5. Arcade Fire - "Sprawl II (Mountains Beyond Mountains)" - The best song to encapsulate the overall feeling of The Suburbs (both the album and the place.) Regine Chassagne steals the show with yet another brilliant vocal performance over what sounds like the end credits to a lost John Hughes film.

4. Charlotte Gainsbourg - "Time of the Assassins" - Producing and writing the album, Beck has lifted Charlotte Gainsbourg's music career to new heights. Her brush with a near death experience and his obsession with death matched perfectly on IRM and this haunting tune is the perfect embodiment of that. slow plucked acoustic guitars, lofty backing vocals and strings combine with Charlotte's gentle voice for a dark yet sweet tune.

3. The Black Keys - "Howlin' For You" - Starting off with a Gary Glitter infused drum beat and developing into a fuzzed out reconstruction of classic blues riffs drenched in muddled fuzz, "Howlin' For You" is undeniably my favorite Black Keys song yet.
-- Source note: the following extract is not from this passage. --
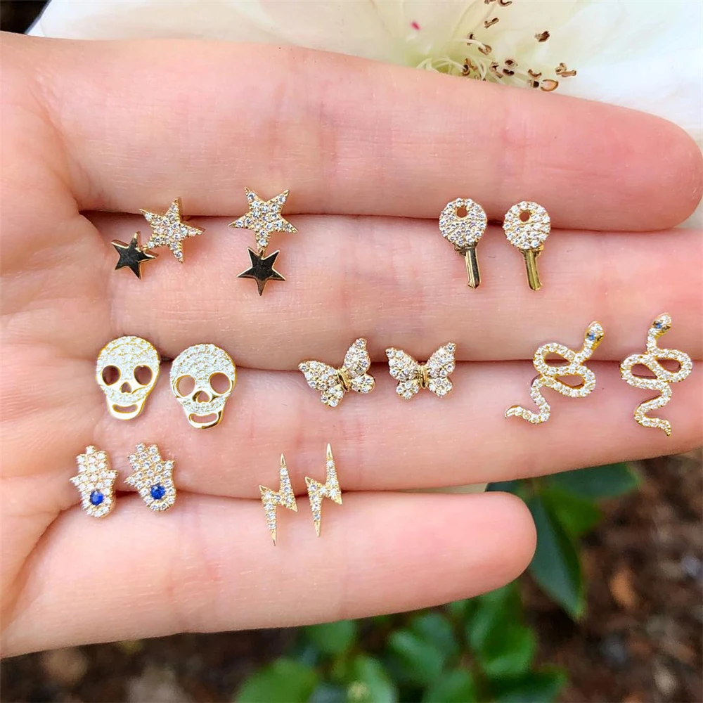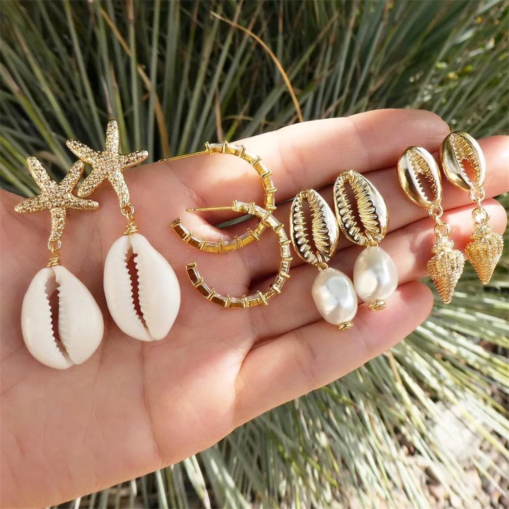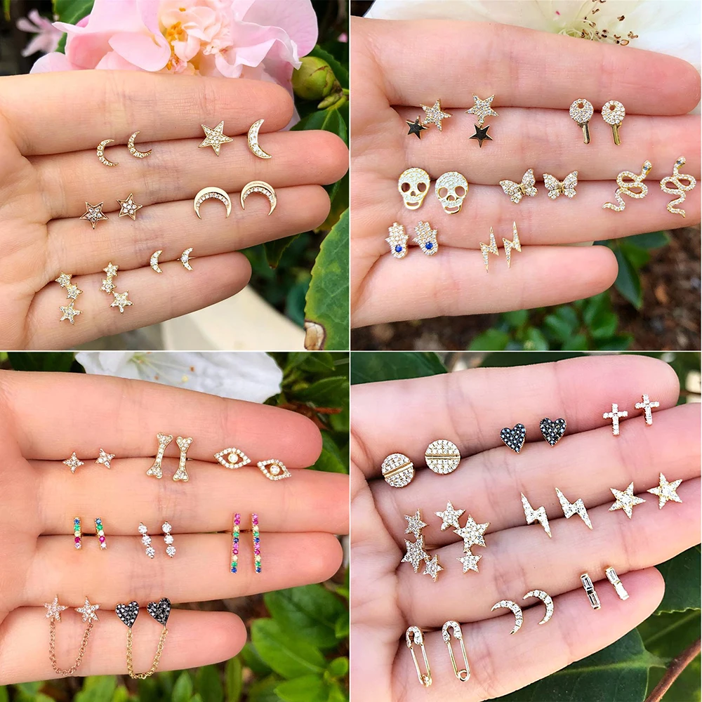 С цветочным рисунком в винтажном стиле в виде ракушки Луна, Звезды, серьги-гвоздики с кристаллами Комплект Женщины Девушки Мода маленькие серьги женские подарочные украшения для ушей 2020

It's quirky, catchy and ultimately satisfying.

2. Tame Impala - "Lucidity" - When bands tap into the sound of The Beatles, a lot of people shrug, but I must completely disagree. Taking a taste of "Tomorrow Never Knows" acid and launching into a crunchy garage rock riff drenched in reverb, this song takes off (much like the video) and immediately lifts the listener into the stratosphere before crashing back down in a fury of guitars and fuzz.

1. Gorillaz featuring Little Dragon - "Empire Ants" - The dreamiest song of the year. What is so special about this particular Gorillaz track? Well besides it sounding unlike anything else in the Gorillaz canon, it's a space rock anthem for the ages. Beautiful shimmering piano, dream pop guitars and Damon Albarn start the song up and midway through, Little Dragon's Yukimi Nagano takes over as does the synth parade. It's a beautifully melancholy song (superior to "On Melancholy Hill" from the same record.) If you were to tell me that Gorillaz, the makers of "Clint Eastwood" and "Dare" were to ever release a song of such pop sweetness, I'd probably have laughed in your face. But on Plastic Beach, there are several of these moments, none of which compare to "Empire Ants."